I'm not convinced this will actually stop people from building things on the side. They'll just do it on personal hardware and keep their mouths shut. The real question is whether the best engineers will even bother applying to a place that treats a side project like a fireable offense. If the "innovation" is now strictly top-down, does Google still have a way to attract the kind of people who actually build the things they end up acquiring?
Lessons on "Shadow IT"
The reaction to this firing is mostly outrage, with people calling it a sign of a decaying engineering culture. I get the frustration—it feels like a betrayal of the "hacker" spirit—but I think the conversation is missing the point. This isn't about a lack of innovation; it's about the reality of owning a massive, regulated codebase. When a side project moves from a local sandbox to something that touches production infrastructure or company data, it stops being a "passion project" and starts being a liability.
I suspect the company is trying to tighten the screws on Shadow IT because the cost of a mistake is now higher than the value of a random internal tool. That doesn't mean the firing was handled well, but it does show that the era of "move fast and break things" inside big tech is effectively over. The friction is intentional.
The real question is whether a company the size of Google can actually maintain a high-talent density if it treats every unsanctioned line of code as a fireable offense.
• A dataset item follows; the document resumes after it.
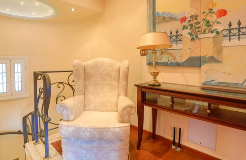 Escape to a luxurious retreat at Villa Eleonas, nestled in a rural area of Korakiana village near Ipsos. Surrounded by an olive grove, this superb holiday property boasts exceptional furnishings and tastefully decorated interiors distributed over two levels, including an elegant lounge, fully equipped kitchen, study room, and guests' WC on the ground floor. French doors open onto a large front balcony with scenic views, while the upper level features four double bedrooms, one with an en-suite bath/jacuzzi and a small sitting room.
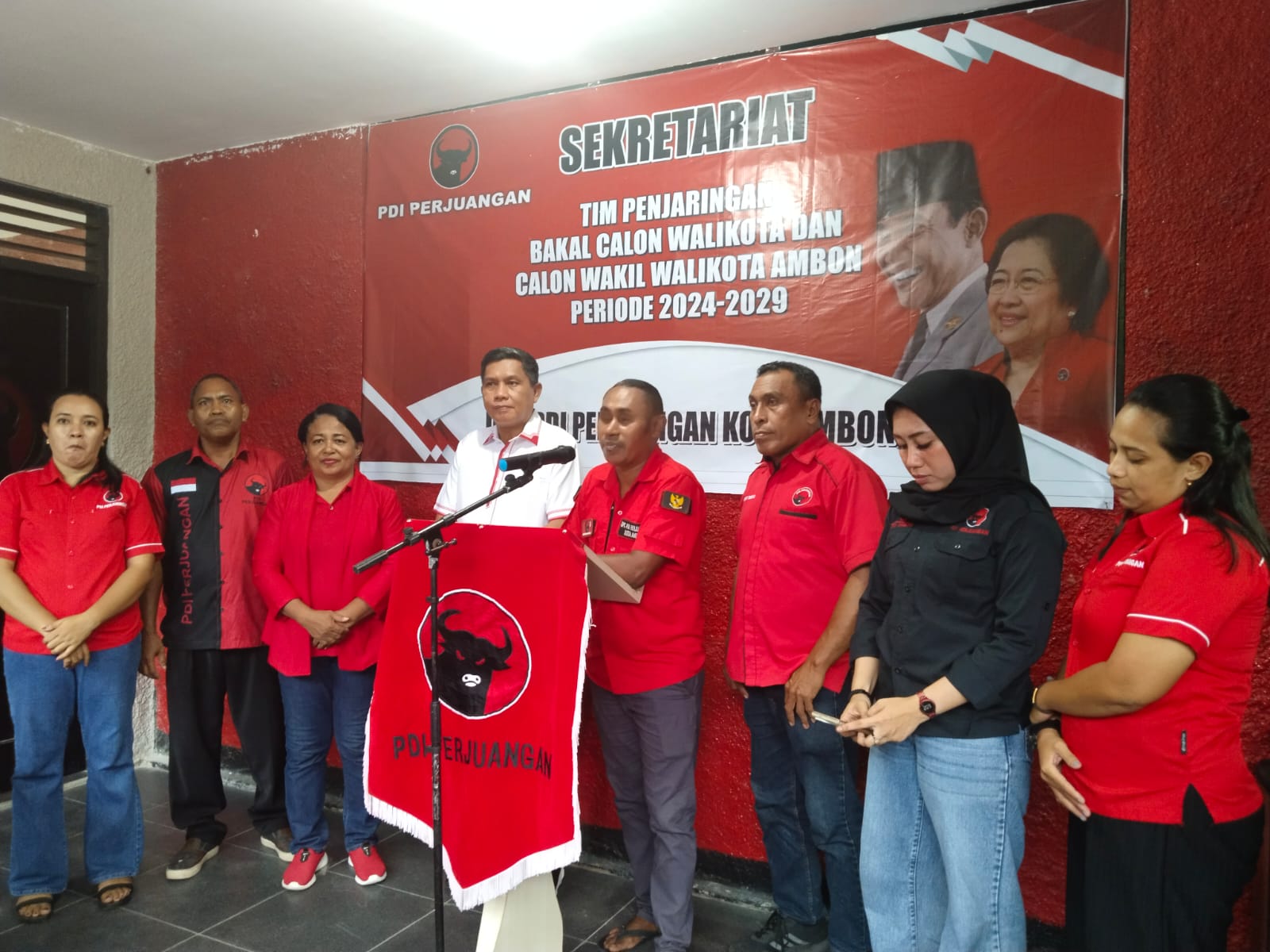 Ambon, Kabarsulsel-Indonesia.com | Pejabat Walikota Ambon Bodewin Wattimena mengembalikan formulir sekaligus mendaftarkan diri sebagai Bakal Calon Walikota Ambon Periode 2024-2029, dikantor Sekretariat DPC Partai Demokrasi Indonesia Perjuangan (PDI-P) Mangga Dua Kota Ambon, Selasa 30/4/2024.

I'm not sure if they can.
Conclusion
Google’s response to this is the same corporate reflex we've seen a dozen times: tighten the API policy and hope the problem disappears. But you can't really "policy" away the fact that people will always use the tool that actually gets the job done, regardless of whether IT has signed off on it.
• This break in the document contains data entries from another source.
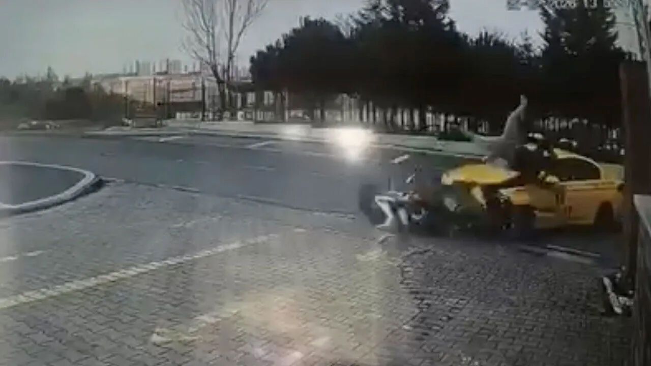 Başakşehir’de taksi ile çarpışan motosiklet sürücüsünün savrularak yaralandığı kaza anı güvenlik kamerasına yansıdı.
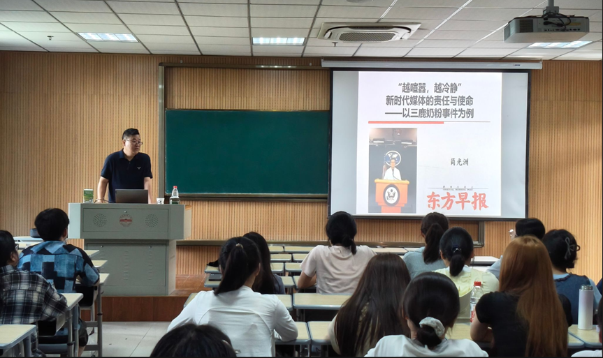 于K517报告厅举办主题讲座,特邀曾首曝“三鹿奶粉”事件的资深调查记者简光洲,围绕“新时代媒体的责任和使命”展开深度分享。
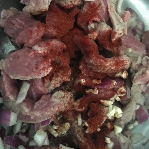 In una pentola capiente mettiamo un po’ di olio, le cipolle e la carne e facciamo cucinare a fuoco medio per 4 minuti. Poi aggiungiamo le spezie (paprika, aglio, origano, chipotle) e mescoliamo bene.
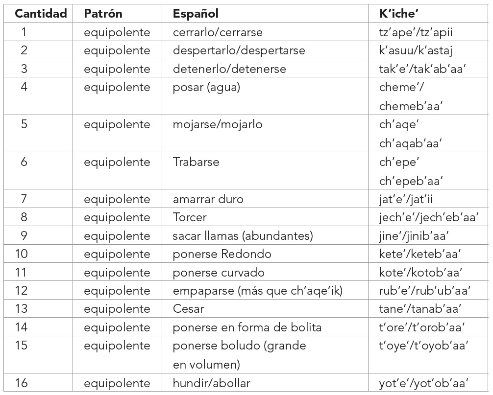 El siguiente cuadro (Tabla 4) contiene los pares de verbos identificados y analizados en el presente estudio. La columna del k’iche’ contiene únicamente las raíces o bases verbales.
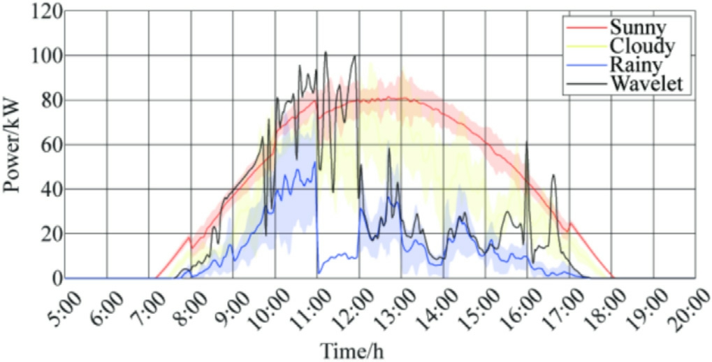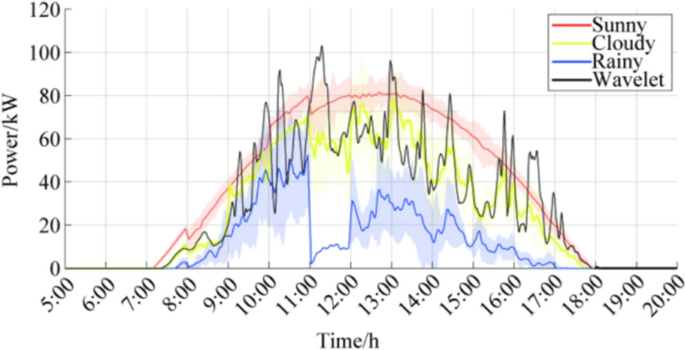 Lastly,the daily power curves obtained from its wavelet decomposition are compared with the typical weather power curves formed by clustering for that month.Furthermore, we established a probability model to analyze the approximate weather types for each time period,thereby providing an Optimization method for the control strategy of PRRC.
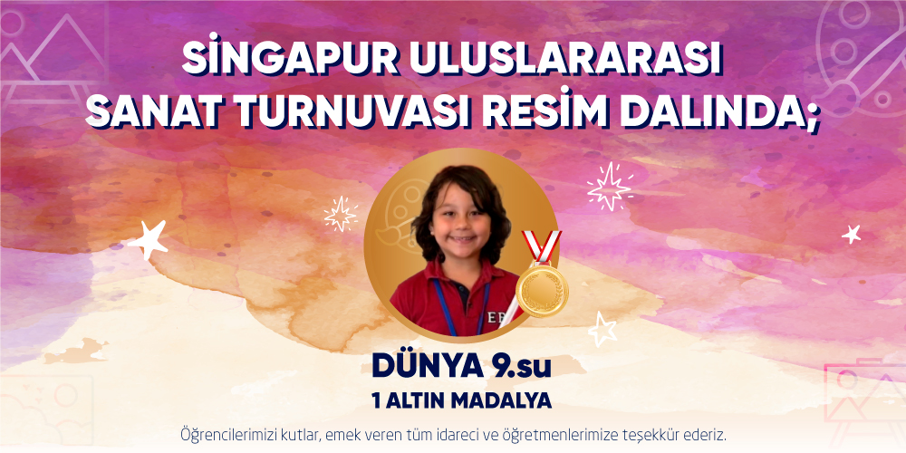 Gaziantep Erdem Koleji; LGS, YKS, spor ve akademik alanda sayısız başarı elde ederken, güzel sanatlar alanında uluslararası bir dereceye imza attı. Alanında büyük prestij taşıyan Singapur Uluslararası Sanat Turnuvası’na (SIAT) katılan Erdem Koleji öğrencilerinden ilkokul öğrencisi Zeynep Eda Elbeyli, resim dalında altın madalya kazandı. Elbeyli bu derecesi ile genel klasmanda Dünya 9.su Türkiye birincisi oldu. Ayrıca ilkokul öğrencisi Cemre Su Çağlar ve ortaokul öğrencisi Yara Kabani resim alanında sergileme (Mansiyon) ödülünü alarak büyük bir gurur yaşattılar. SIAT 2024’ten altın madalya alan Zeynep Eda Elbeyli Aralık ayında İstanbul’da yapılacak olan STEAM AHEAD finallerine katılmaya hak kazandı.

I'm still not convinced that the "Shadow IT" label is even helpful here. Usually, that implies someone is being sneaky. In this case, it just looks like people trying to bypass a clunky interface to get a basic task finished.
The real question is whether the official tools will ever be intuitive enough that users stop looking for the workaround. Or will we just keep playing this game of whack-a-mole with every new API update?